_Exercise prompt_
When you reach the line below that has "Sada 2 moderních", start returning lines exactly, and stop after the line that has "八角形のベゼルが特徴的な「E"; skip the pictures.

_Exercise inputs_
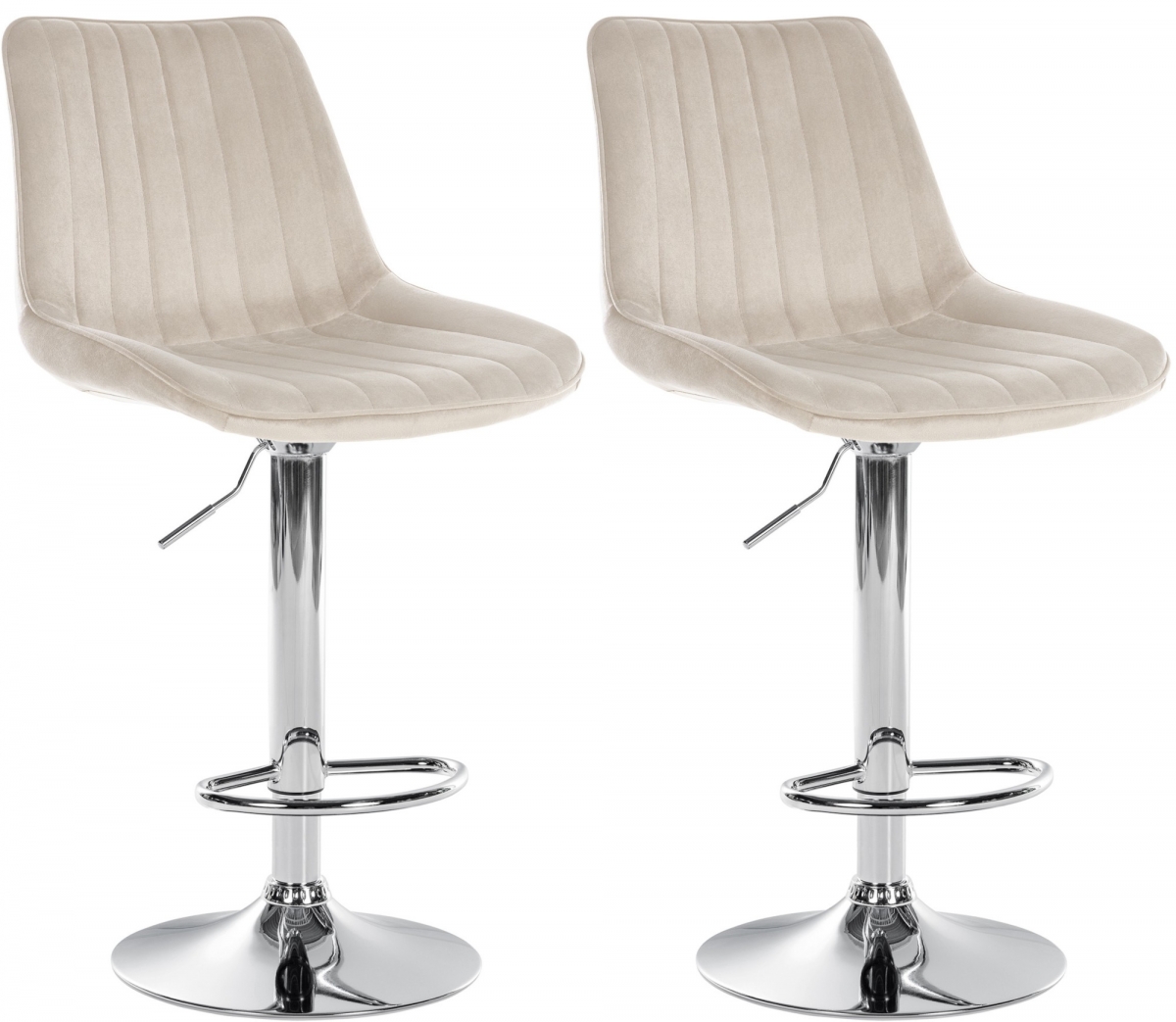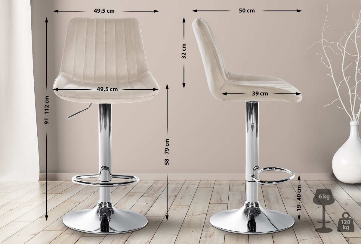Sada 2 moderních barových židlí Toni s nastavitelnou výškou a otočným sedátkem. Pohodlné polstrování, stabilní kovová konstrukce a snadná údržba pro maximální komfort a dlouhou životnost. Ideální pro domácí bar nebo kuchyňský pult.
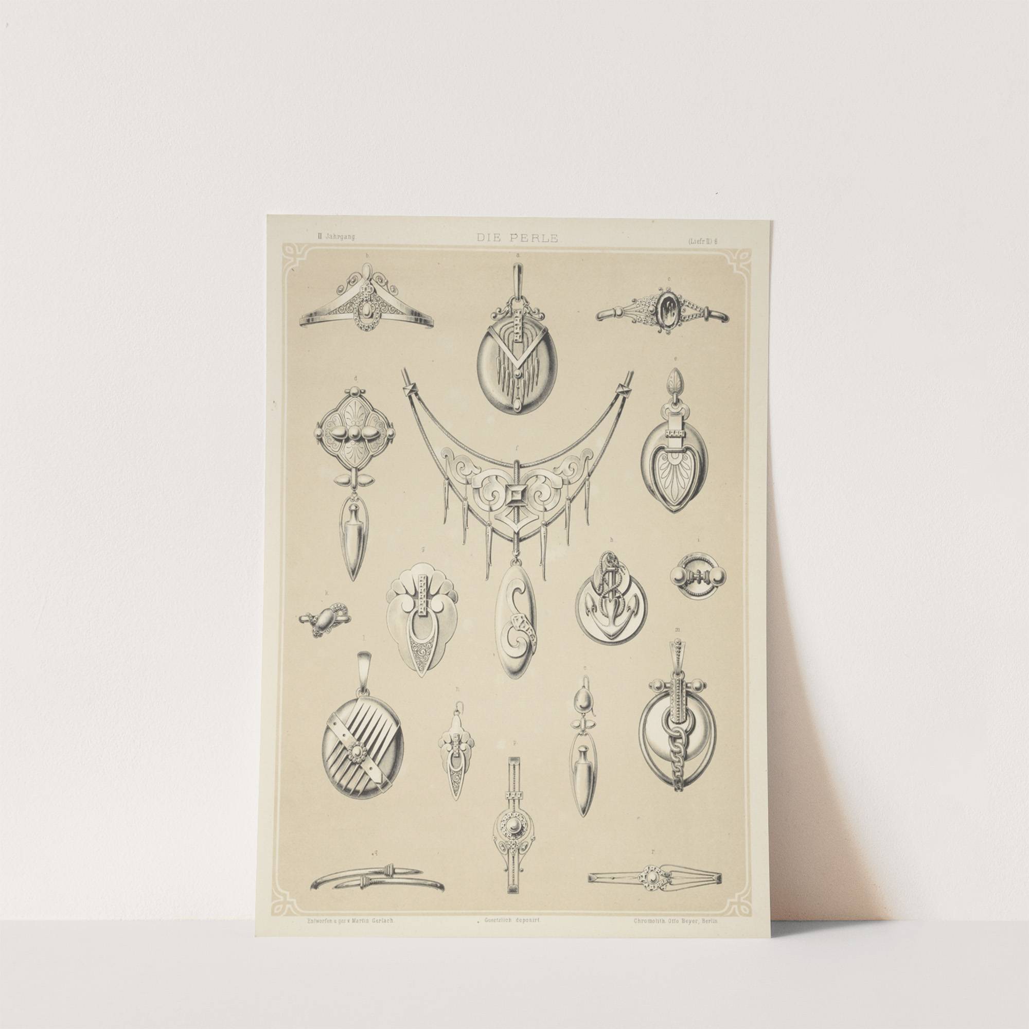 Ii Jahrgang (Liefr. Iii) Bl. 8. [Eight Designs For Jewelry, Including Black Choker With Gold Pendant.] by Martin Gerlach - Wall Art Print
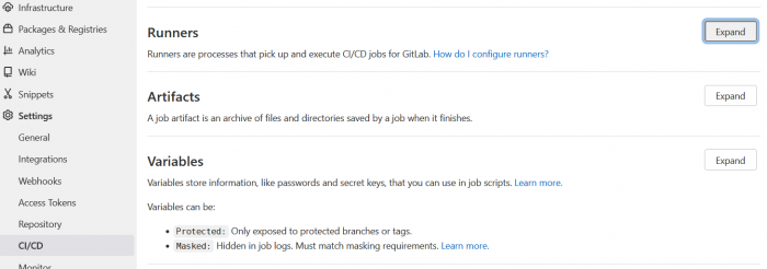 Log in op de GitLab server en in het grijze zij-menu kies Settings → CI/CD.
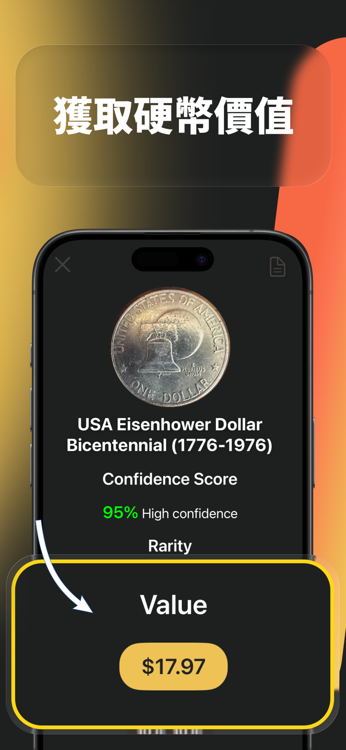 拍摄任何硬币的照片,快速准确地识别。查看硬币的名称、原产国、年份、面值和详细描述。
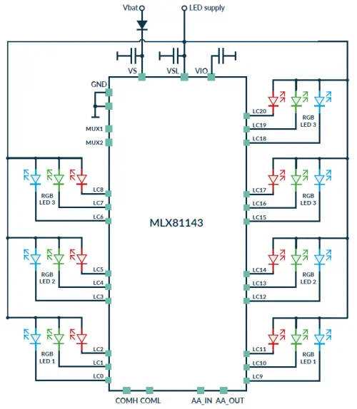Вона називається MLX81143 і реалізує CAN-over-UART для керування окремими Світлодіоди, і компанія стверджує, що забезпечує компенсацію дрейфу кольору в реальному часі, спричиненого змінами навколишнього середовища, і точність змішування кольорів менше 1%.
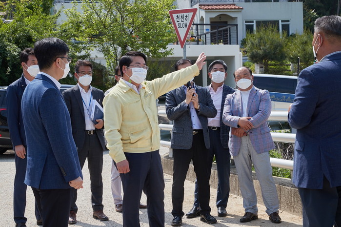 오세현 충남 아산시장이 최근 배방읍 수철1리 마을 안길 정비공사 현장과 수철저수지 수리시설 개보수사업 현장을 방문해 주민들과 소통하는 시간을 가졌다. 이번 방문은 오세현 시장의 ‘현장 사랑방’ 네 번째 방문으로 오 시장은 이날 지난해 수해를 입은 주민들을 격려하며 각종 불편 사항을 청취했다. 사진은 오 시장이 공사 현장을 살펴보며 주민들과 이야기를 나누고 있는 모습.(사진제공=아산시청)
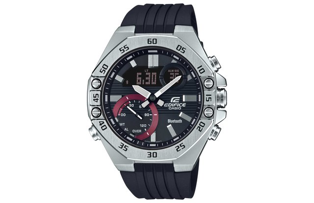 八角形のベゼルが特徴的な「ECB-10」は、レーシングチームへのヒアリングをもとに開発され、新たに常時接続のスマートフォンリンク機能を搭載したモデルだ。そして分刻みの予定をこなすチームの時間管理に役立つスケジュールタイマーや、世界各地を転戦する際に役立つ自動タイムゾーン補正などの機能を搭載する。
* * *
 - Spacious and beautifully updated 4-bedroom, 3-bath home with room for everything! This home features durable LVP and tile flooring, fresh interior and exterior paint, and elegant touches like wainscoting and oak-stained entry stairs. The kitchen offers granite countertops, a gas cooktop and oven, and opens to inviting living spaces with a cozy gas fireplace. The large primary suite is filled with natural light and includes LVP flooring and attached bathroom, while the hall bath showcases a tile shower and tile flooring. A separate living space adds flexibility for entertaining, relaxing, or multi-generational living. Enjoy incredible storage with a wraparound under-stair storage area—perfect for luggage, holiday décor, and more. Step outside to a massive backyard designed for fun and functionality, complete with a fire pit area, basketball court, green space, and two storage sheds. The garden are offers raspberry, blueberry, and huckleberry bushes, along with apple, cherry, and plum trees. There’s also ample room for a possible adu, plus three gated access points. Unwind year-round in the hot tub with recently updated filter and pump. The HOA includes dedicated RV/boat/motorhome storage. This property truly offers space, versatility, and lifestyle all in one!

_Result of this task_
Sada 2 moderních barových židlí Toni s nastavitelnou výškou a otočným sedátkem. Pohodlné polstrování, stabilní kovová konstrukce a snadná údržba pro maximální komfort a dlouhou životnost. Ideální pro domácí bar nebo kuchyňský pult.
 Ii Jahrgang (Liefr. Iii) Bl. 8. [Eight Designs For Jewelry, Including Black Choker With Gold Pendant.] by Martin Gerlach - Wall Art Print
 Log in op de GitLab server en in het grijze zij-menu kies Settings → CI/CD.
 拍摄任何硬币的照片,快速准确地识别。查看硬币的名称、原产国、年份、面值和详细描述。
Вона називається MLX81143 і реалізує CAN-over-UART для керування окремими Світлодіоди, і компанія стверджує, що забезпечує компенсацію дрейфу кольору в реальному часі, спричиненого змінами навколишнього середовища, і точність змішування кольорів менше 1%.
 오세현 충남 아산시장이 최근 배방읍 수철1리 마을 안길 정비공사 현장과 수철저수지 수리시설 개보수사업 현장을 방문해 주민들과 소통하는 시간을 가졌다. 이번 방문은 오세현 시장의 ‘현장 사랑방’ 네 번째 방문으로 오 시장은 이날 지난해 수해를 입은 주민들을 격려하며 각종 불편 사항을 청취했다. 사진은 오 시장이 공사 현장을 살펴보며 주민들과 이야기를 나누고 있는 모습.(사진제공=아산시청)
 八角形のベゼルが特徴的な「ECB-10」は、レーシングチームへのヒアリングをもとに開発され、新たに常時接続のスマートフォンリンク機能を搭載したモデルだ。そして分刻みの予定をこなすチームの時間管理に役立つスケジュールタイマーや、世界各地を転戦する際に役立つ自動タイムゾーン補正などの機能を搭載する。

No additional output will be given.